The U.S. Attorney’s Office in the District of Massachusetts announced on Thursday that Loughlin will plead guilty to one count of conspiracy to commit wire and mail fraud, while Giannulli will plead guilty to one count of conspiracy to commit wire and mail fraud and honest services wire and mail fraud.

If approved by the court, Loughlin's plea deal states that she will serve two months in prison and two years of supervised release, pay a $150,000 fine, and complete 100 hours of community service. Meanwhile, under his proposed plea deal, Giannulli will serve five months in prison and two years of supervised release, pay a $250,000 fine, and complete 250 hours of community service.

"Under the plea agreements filed today, these defendants will serve prison terms reflecting their respective roles in a conspiracy to corrupt the college admissions process and which are consistent with prior sentences in this case," said United States Attorney Andrew E. Lelling. "We will continue to pursue accountability for undermining the integrity of college admissions."

ET has learned that Loughlin and Giannulli's plea hearing, which is scheduled for Friday, May 22 at 11:30 a.m.

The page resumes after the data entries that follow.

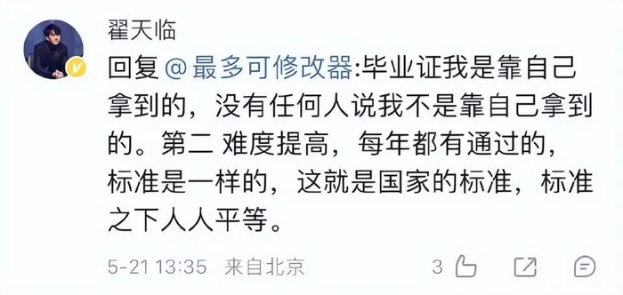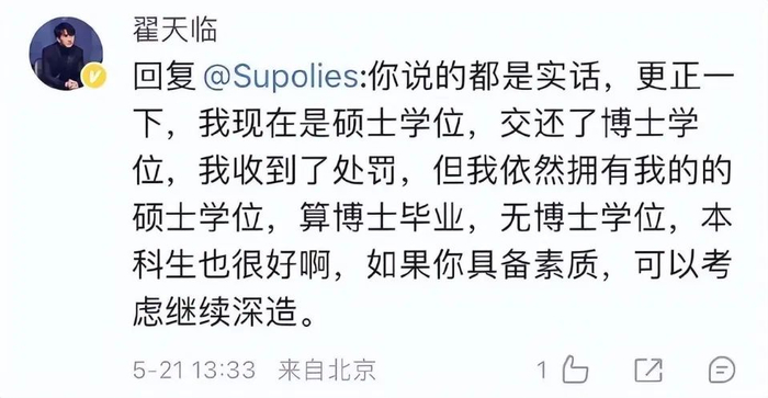 他在批评网友动不动就骂他是一种没素质的行为的同时,还强调他的毕业证是自己凭本事拿到的,而他虽然交还了博士学位,但现在依然是硕士学位。
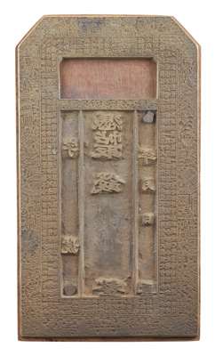 CHINESE BRONZE BANKNOTE PRINTING PLATE
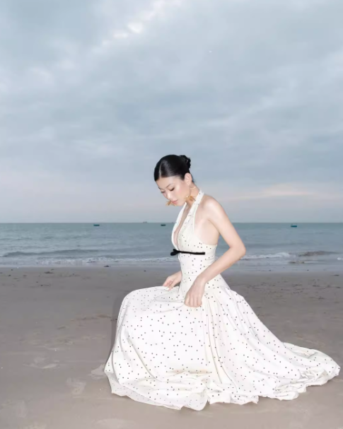 Retro A Line Halter Polka Dot Satin Open Back Prom Dress Evening Dress SH3113
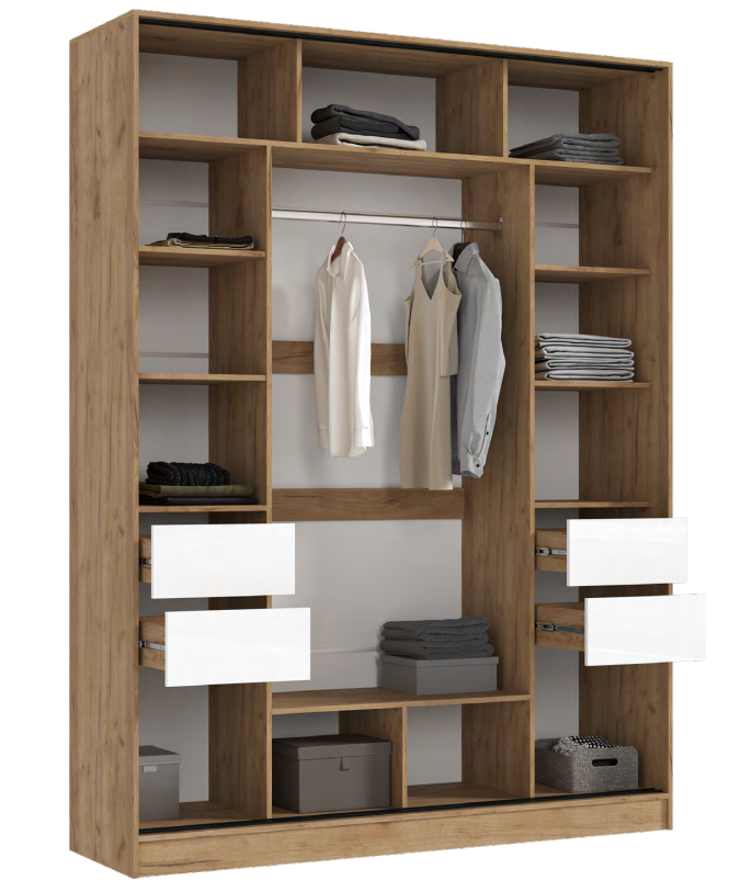 Прихожая Роджина Шкаф 4-х ств распашной Дуб крафт, Белый глянец/Шкаф для одежды с ящиками и штангой
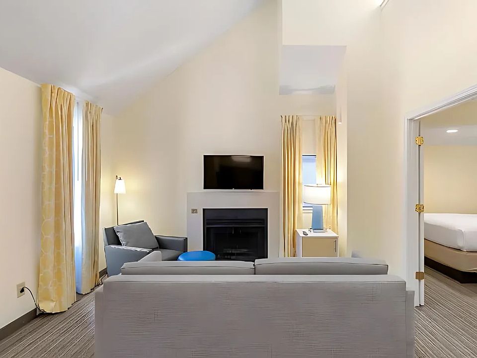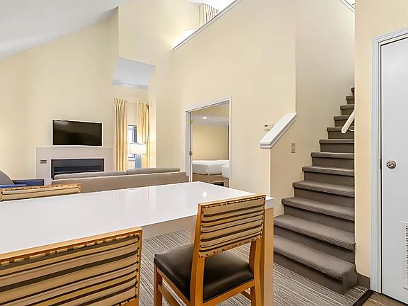 Spacious 2-Bedroom Townhome Suite Spacious 825 sq. ft. 2-bedroom townhome suite with a king bed, two full beds, and two bathrooms. Features a cozy living room with a fireplace, fully equipped kitchen (stovetop, oven, microwave, refrigerator, dishwasher), dining area, and flat-screen TV with cable. Enjoy free WiFi, air conditioning, hypoallergenic bedding, and complimentary toiletries. Perfect for extended stays, with all the comforts of home, including a tea/coffee maker and work desk. Please note, utilities are charged at a monthly rate of $300 which includes electric, water, gas, cable and internet *Rates are based on a lease of 3 months or more. Rates may vary based on length of stay
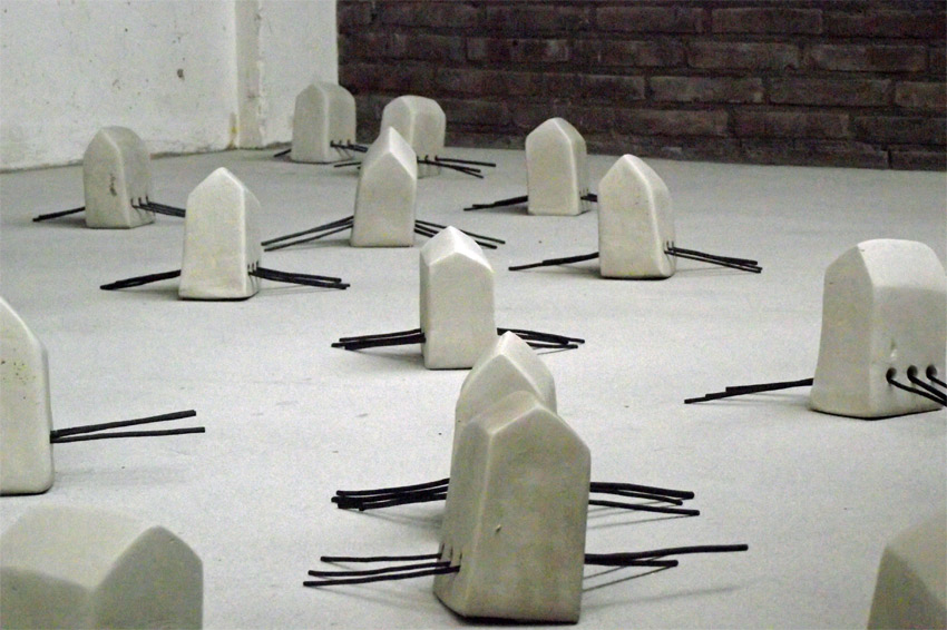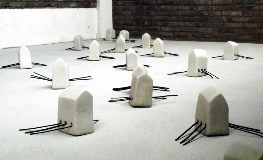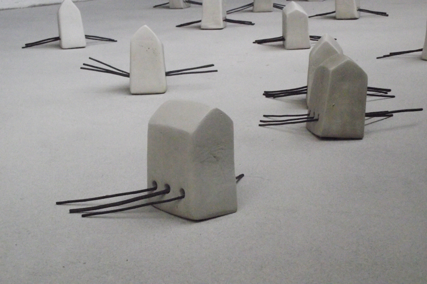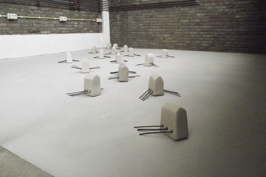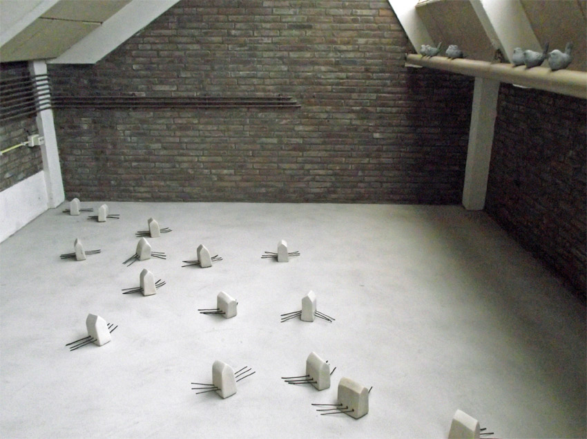 ‘Travel in convoy’ is de 3e installatie in de serie HINC (van hier naar daar): kwetsbaar, tijdelijk en tijdloos. De installatie is opgebouwd uit klei, cement, zand en houtskool. Deze installatie werd gerealiseerd in de voormalige MTS in Hengelo als onderdeel van het kunstproject ‘Habitat’, beeldende visies van internationale kunstenaars, van MIKC Delden.
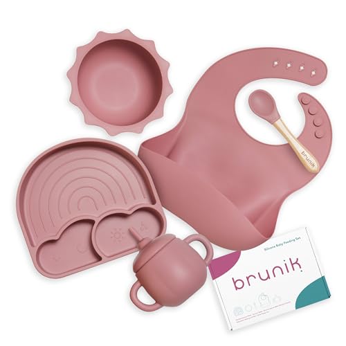 Brunik Vaisselle bébé silicone assiette à ventouse compartim...
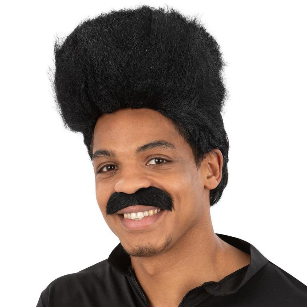 90-luvun Hiphop-peruukki Musta sisältää nostalgisen 90-luvun peruukin, jossa on pöyheä, korkea kampaus. Huom: viikset eivät sisälly.
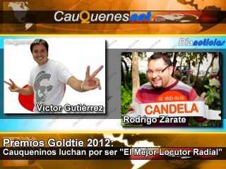Recuerde entonces, vote por los cauqueninos en los Premios Juveniles Goldtie 2012. Elija como la Mejor Radio Regional a la Red Géminis de Cauquenes, y como mejor locutor radial vote por Rodrigo «Candela» Zárate o por Vitoco «Mix» Gutiérrez.
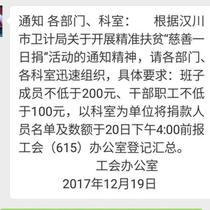 通知内容显示,此次捐款是根据汉川市卫计局关于开展精准扶贫“慈善一日捐”活动的通知精神。医院作出了“捐款金额”、“上报捐款人员金额名单的截止时间”。捐款金额为:班子成员不低于200元,干部职工不低于100元。上报工会的截止时间为“20日下午4:00”。

ET, will take place via video conference.

Loughlin and Giannulli were accused of paying $500,000 in bribes to get their daughters, Olivia Jade and Isabella Rose, admitted to the University of Southern California as recruits for the crew team, though neither of them had ever participated in the sport. 

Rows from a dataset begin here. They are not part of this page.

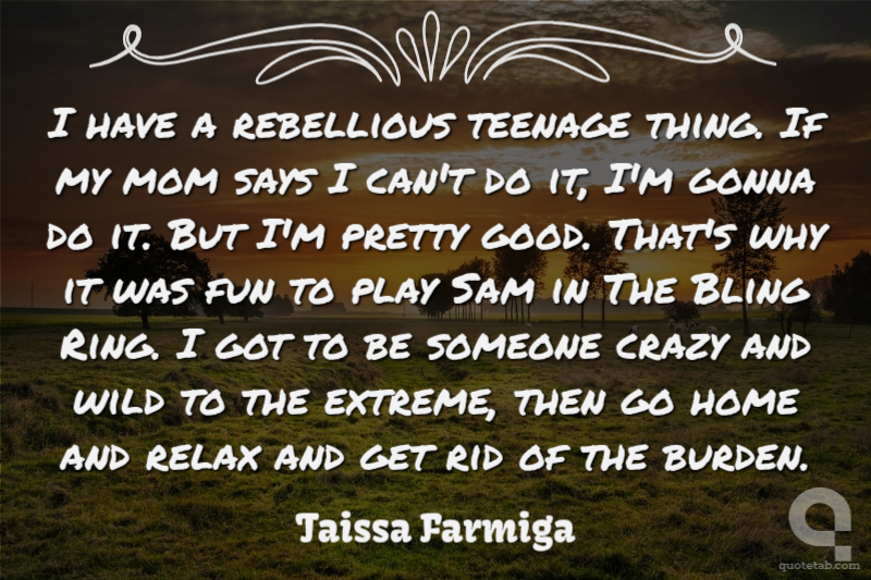 I have a rebellious teenage thing. If my mom says I can't do it, I'm gonna do it. But I'm pretty good. That's why it was fun to play Sam in The Bling Ring. I got to be someone crazy and wild to the extreme, then go home and relax and get rid of the burden.
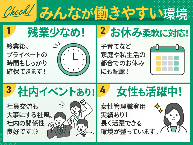 休日休暇 週休2日制(水曜定休+他1日) *年間休日115日 *有給あり/初年度10日の有給休暇あり *GW・お盆・年末年始の長期休暇あり *産前・産後休暇、育児休暇あり (取得実績・復帰実績多数あり) 【お休み調整可能】 事前のご相談で土日休みや水曜日に 続けて連休を取ることも可能です。 【女性が活躍中!女性管理職登用実績あり】 *プライベート都合でシフト調整も柔軟対応 *産休・育休取得実績多数あり *育休復帰の子育てママ在籍中 *学校行事などで積極的にお休み取得OK キャリア形成に影響することもありません。
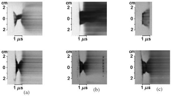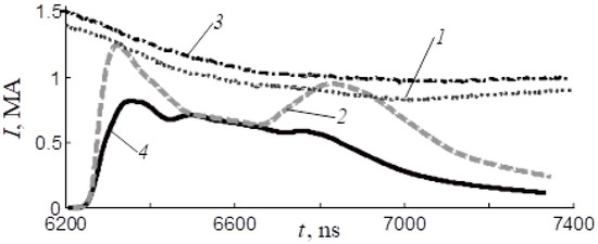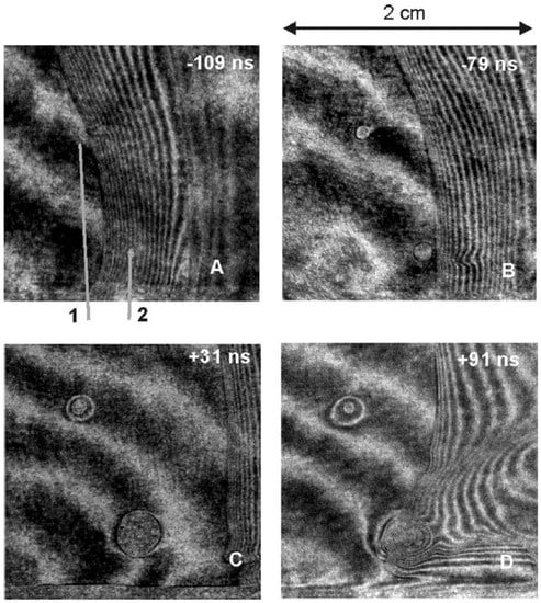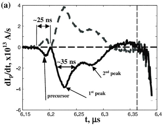 - Oginov, A.V.; Karakin, M.A.; Krauz, V.I.; Myalton, V.V.; Vinogradov, V.P.; Gurey, A.E.; Nikulin, V.Y.; Tikhomirov, A.A. Study of the Dynamics and Structure of Plasma-Current Sheath of Plasma Focus Discharge. BEAMS’04. In Proceedings of the 15th Int. Conf. on High-Power Particle Beams, Saint-Petersburg, Russia, 18–23 July 2005; pp. 746–749. [Google Scholar]
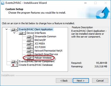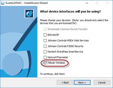 After running the setup installation file for Events2HVAC, when you get to the device interface page, make sure the Pelican Wireless option is selected as shown below. (Founten users will select Pelican Wireless as well.)
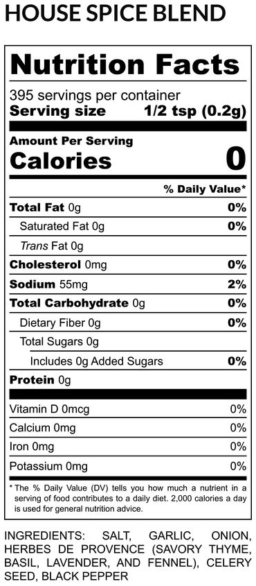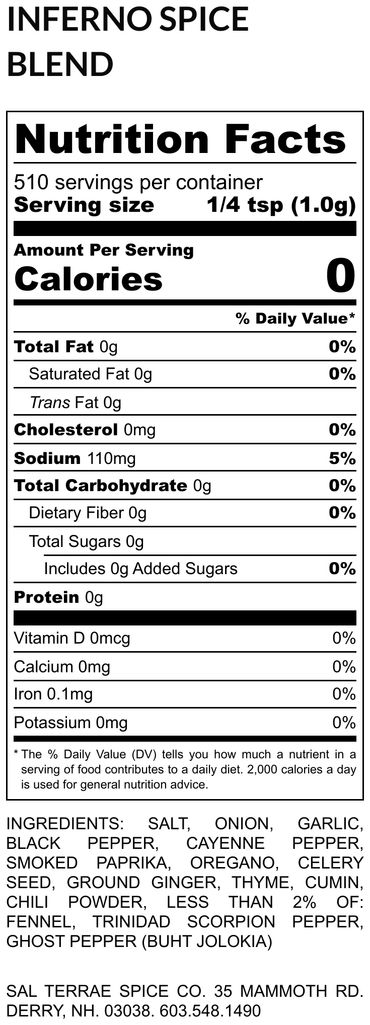 salt, onion, garlic, black pepper, cayenne, smoked paprika, ginger, thyme, oregano, celery, chili powder, cumin, fennel, Trinidad Scorpion Chili, Ghost Pepper.

They initially pleaded not guilty to all charges leveled against them, claiming their payments were donations to the school and not bribes. 

The couple's decision to plead guilty comes nearly two weeks after Judge Nathaniel Gorton declined to dismiss the charges  against Loughlin, Giannulli, and several other parents after they accused investigators of fabricating evidence.

At the time, a source told ET that Loughlin had "no plans to back down from her not guilty plea," though the court's decision did make her "nervous."

"She strongly believes that [bribery scam ring-leader Rick] Singer misrepresented himself and, because she thought he'd acted on behalf of the school, she feels she is innocent," the source said at the time. "... [Loughlin] never in her life thought that she would ever be in this position, and it's almost like a bad dream she can't wake up from."